Primarily a farming hamlet, the westernmost part of the Greenwich Peninsula — fronting on the Gulf of St. Lawrence and part of Prince Edward Island National Park — is an extensive sand dune field covering dozens of hectares, as well as several sand beaches. Mostly used by local residents until the 1970s, the Greenwich peninsula was largely unknown to tourists as it did not have good roads and was not near major attractions.

This changed after a New York City real estate developer purchased several abandoned farms and part of the dune field in the area during the 1980s and proposed a major golf course and exclusive resort on the property, creating a stir in publicity and causing an outcry among Islanders who feared loss of access to the area, and by environmentalists, who feared irreparable damage to the ecosystem. Islanders and tourists began to explore Greenwich's dune fields in increasing numbers and the pedestrian and frequently, illegal motorized vehicle use, was causing damage to the dunes. The provincial government held many public meetings which resulted in the government acquiring the land as part of a real estate swap with the American developer.

Local Member of Parliament Lawrence MacAulay was elected to the riding of Cardigan in 1988 and became a Cabinet minister in the government of Prime Minister Jean Chrétien in 1993. MacAulay lobbied for Parks Canada and the provincial government to come to an agreement that would see the Greenwich property added to Prince Edward Island National Park.
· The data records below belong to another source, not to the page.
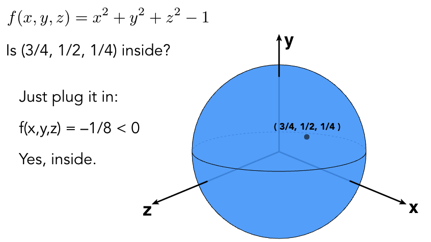 优势任务:内部 / 外部判断(直接代入函数计算,f<0 为内部,f>0 为外部)、光线与表面相交计算(后续讲解)、拓扑变化处理(如流体)、简单形状的精确描述(无采样误差)。
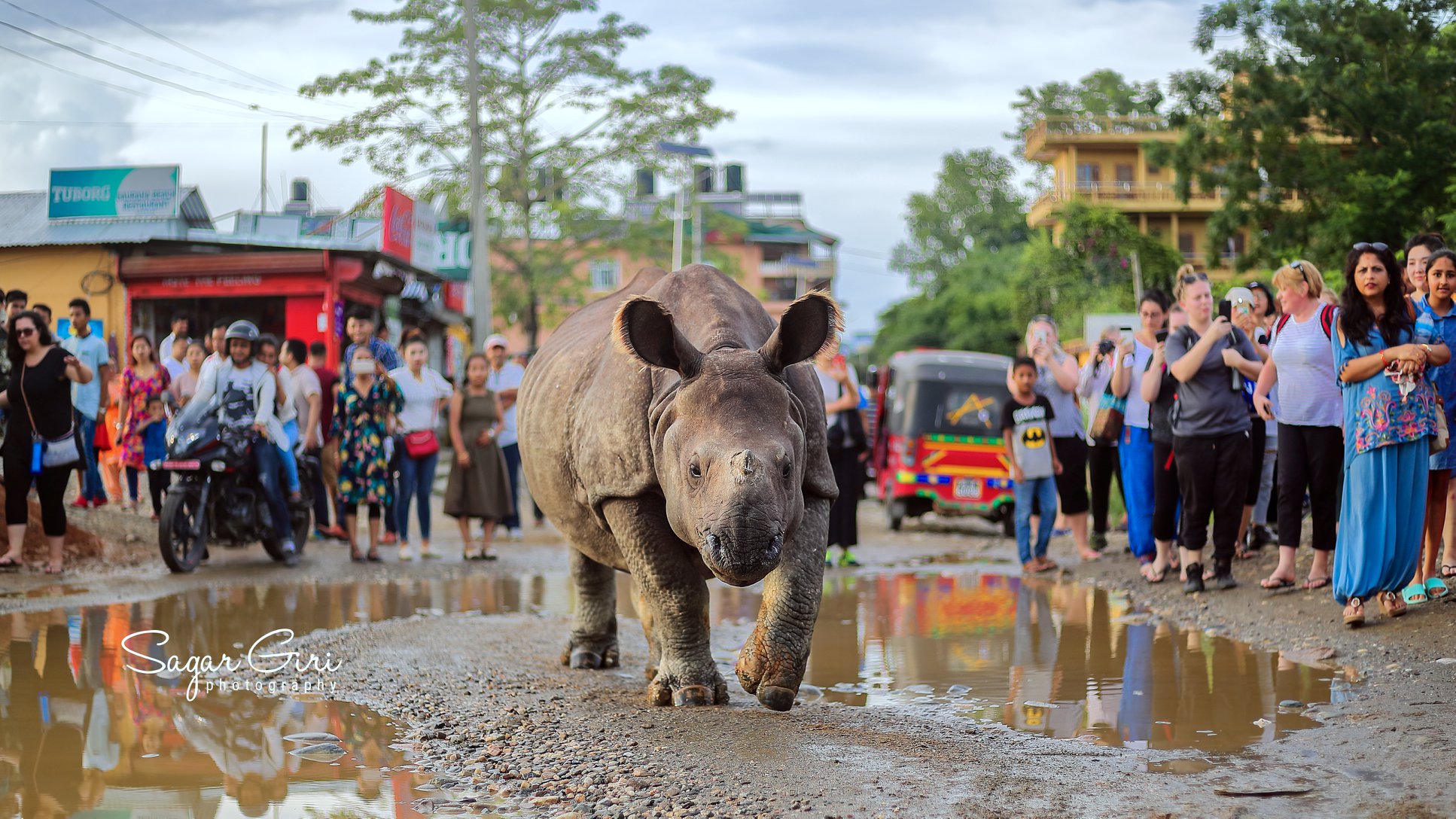 Rhino walking on the road at Sauraha, Chitwan National Park, Nepal. Many tourist watching & enjoying the moment !!
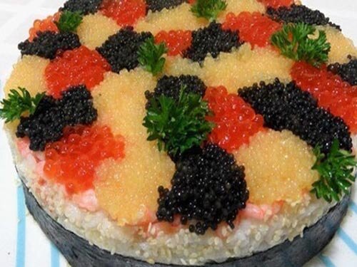 - по 70 грамм икры трех видов (у меня щучья натуральная,щучья крашеная черным чаем, красная) Рис для суши отвариваем согласно инструкции на упаковке.
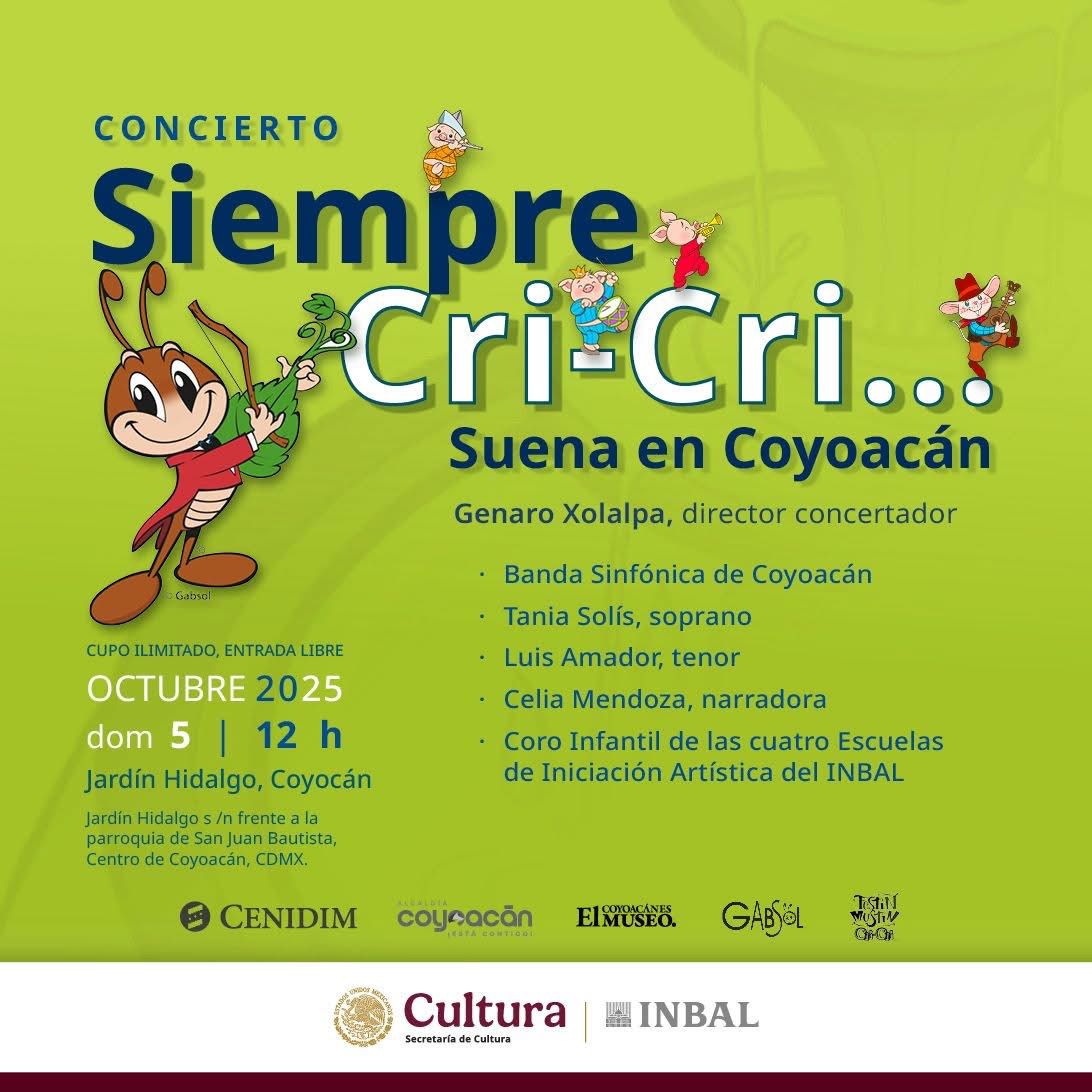 El Instituto Nacional de Bellas Artes y Literatura (INBAL), a través de la Subdirección General de Educación e Investigación Artísticas (SGEIA), por medio de sus Escuelas de Iniciación Artística y del Centro Nacional de Investigación, Documentación e Información Musical “Carlos Chávez” (CENIDIM), invita al concierto Siempre Cri-Cri… Suena en Coyoacán, que se llevará a cabo frente a la parroquia de San Juan Bautista, en el corazón de Coyoacán.
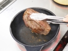 - 肉の表面に塩、胡椒をふりよくなじませます。フライパンにオリーブ油を熱し、肉の全面を各1分ずつ焼きます(中火)。
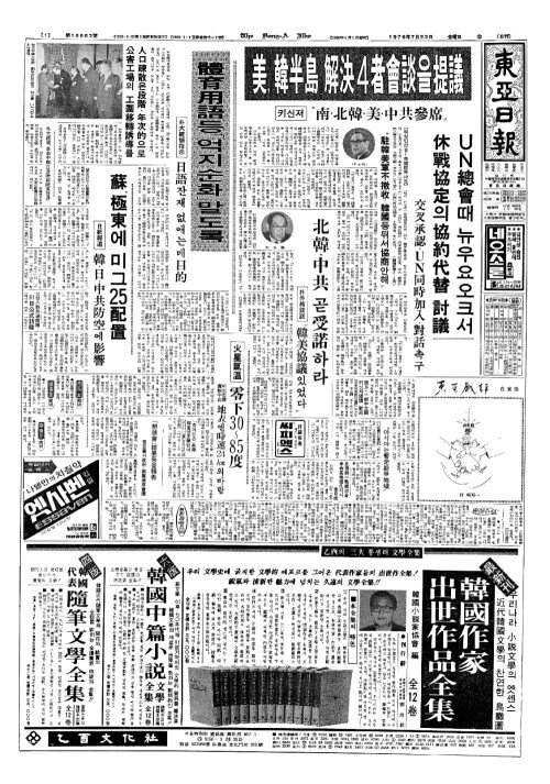 - 키신저 美(미),「韓半島(한반도)」解決(해결)4者會談(자회담)을提議(제의)
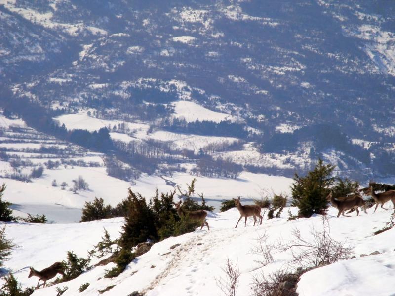 In caso di scarso innevamento sciare fino a dove la neve lo consente e poi sci in spalla fino al centro abitato di Barrea (diga del lago omonimo).
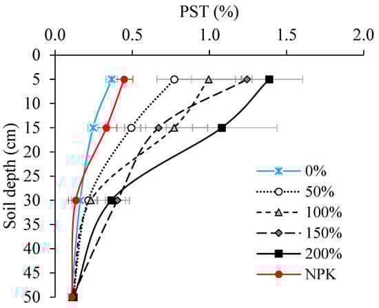 To classify soils that are affected by salts, limiting conditions are based on measurements of soil water at saturation: electrical conductivity, exchangeable sodium percentage, sodium adsorption ratio, and pH (Table 9). The results of exchangeable sodium percentage (ESP) in soil are presented in Figure 7. The highest concentration of Na (18 mg dm−3) and the highest ESP (1.39%) were found for the highest dose of mixed gelatin sludge at the soil surface layer (0–10 cm), which significantly increased the ESP in all the fertilized plots. However, it is important to note that this ESP is well below the limit of 15% considered to indicate sodic soils [,].
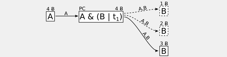 A: a valid signature from a key owned by Alice.B: a valid signature from a key owned by Bob.k,k1,k2, etc.: a correct unlock value (a preimage of given size that reproduces a given hash).t1: a fallback time t1 has expired. (this is used for guaranteed refunds)t2: a fallback time t2 has expired. In all the examples below, t1 < t2 is required for security reasons.
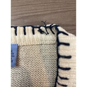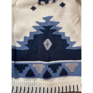 There a fee stains as shown. The Vintage Beyond Blue Sweater Cardigan in Cream/Blue-Southwestern design is a stylish and unique piece crafted from Ramie Cotton material. This long sleeve cardigan is perfect for women who appreciate a Western theme in their wardrobe. The combination of cream and blue colors adds a touch of sophistication to this vintage sweater, making it a versatile addition to any outfit. Easy to care for with machine washable instructions, this cardigan in size M is sure to become a timeless favorite in any woman's closet.
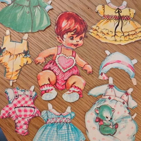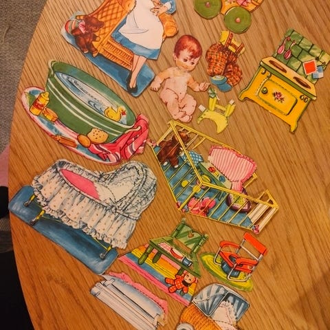 Paperinukke vauva teippaus takana ja vaunut 18 cm kirjemaksu 2.75
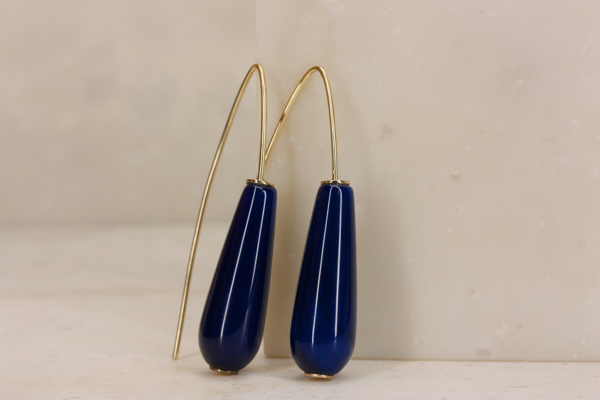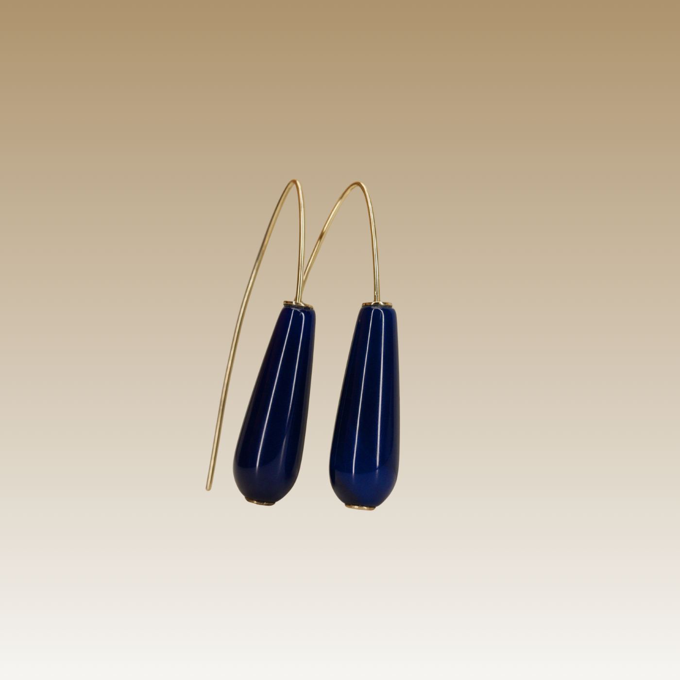 Oorhaken in 14 krt geelgoud met blauwe agaat, 10x30mm.
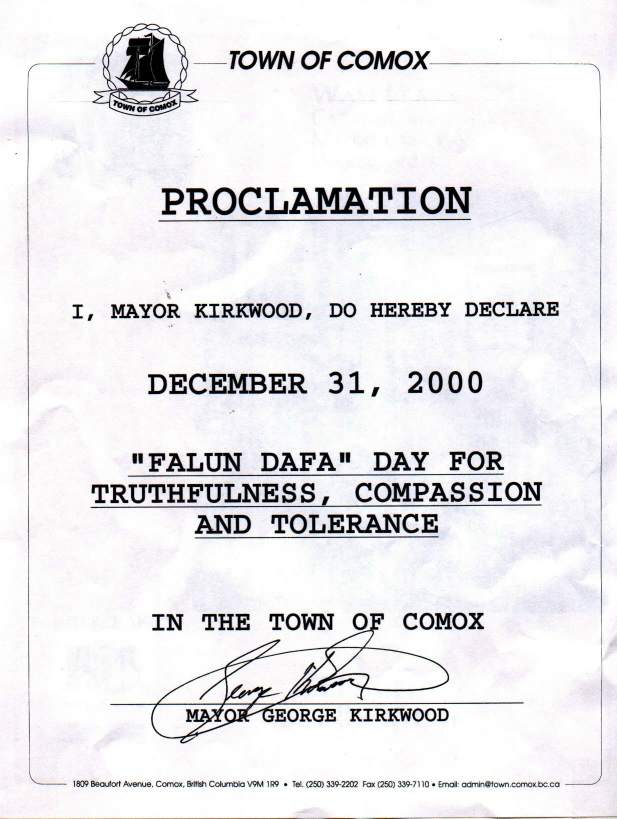 【明慧网2001年1月17日】 不列颠哥伦比亚省可摩克斯市宣布2000年12月31日为“法轮大法真善忍日”
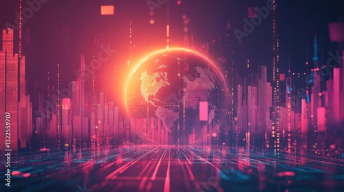 Naklejka premium A conceptual futuristic economy with a split-color world globe, floating...
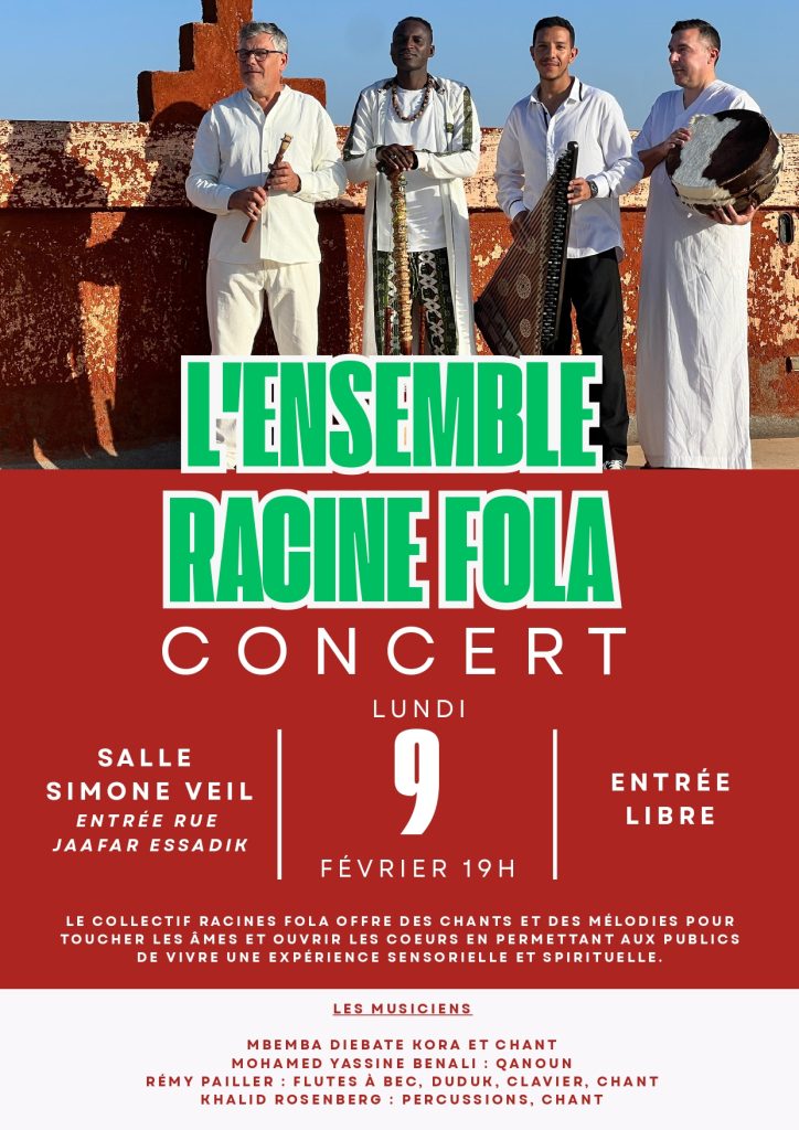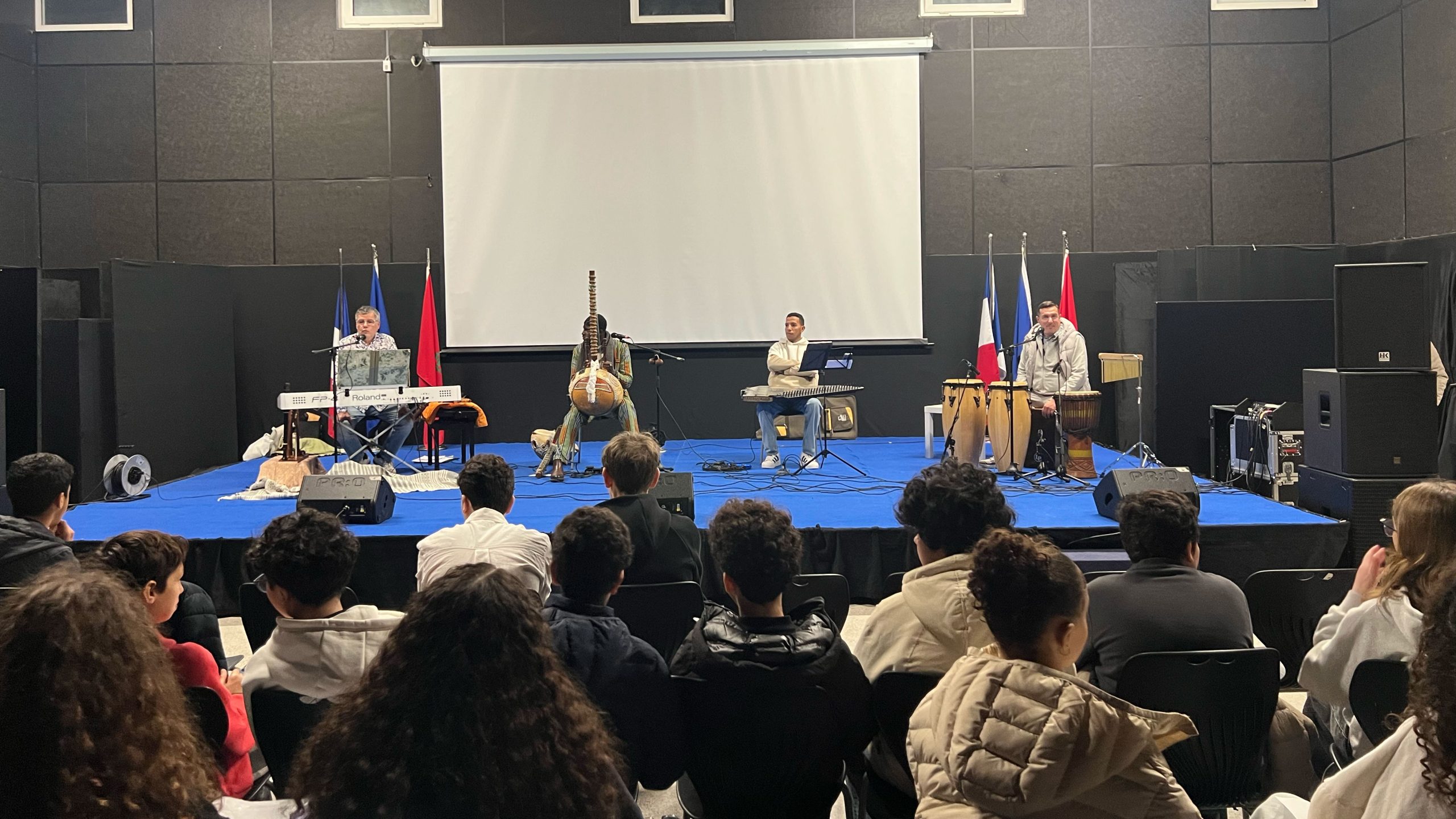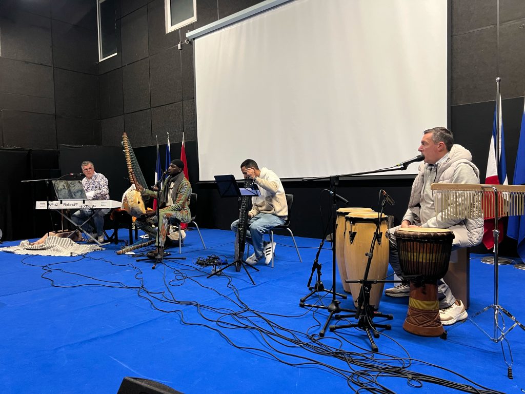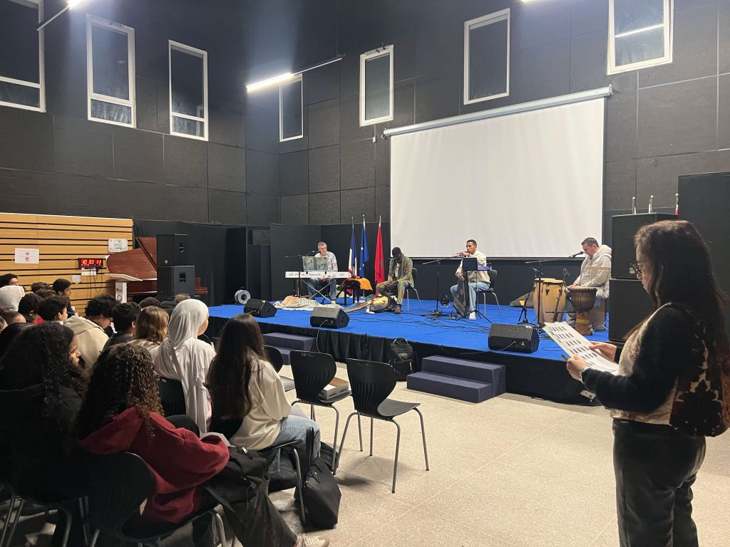Le lundi 9 février, les quatre classes de 4ᵉ de Mme Bennouna ont vécu une expérience musicale immersive à l’occasion d’un concert pédagogique interactif proposé par l’ensemble Racine Fola (France, Maroc, Sénégal).
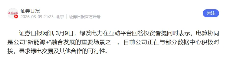算电协同:电算协同是公司“新能源+”融合发展的重要场景之一。目前公司正在与部分数据中心积极对接,寻求绿电交易及其他合作的可行性。

The national park was officially expanded in 1998 when 6 square kilometres of the Greenwich Peninsula were transferred from the provincial government to Parks Canada. Parks Canada has implemented a development plan which has controlled access to the dune field and prevented pedestrians and motorized vehicles from trespassing on sensitive areas. A visitor centre was constructed and a new beach complex was built at the eastern end of the property.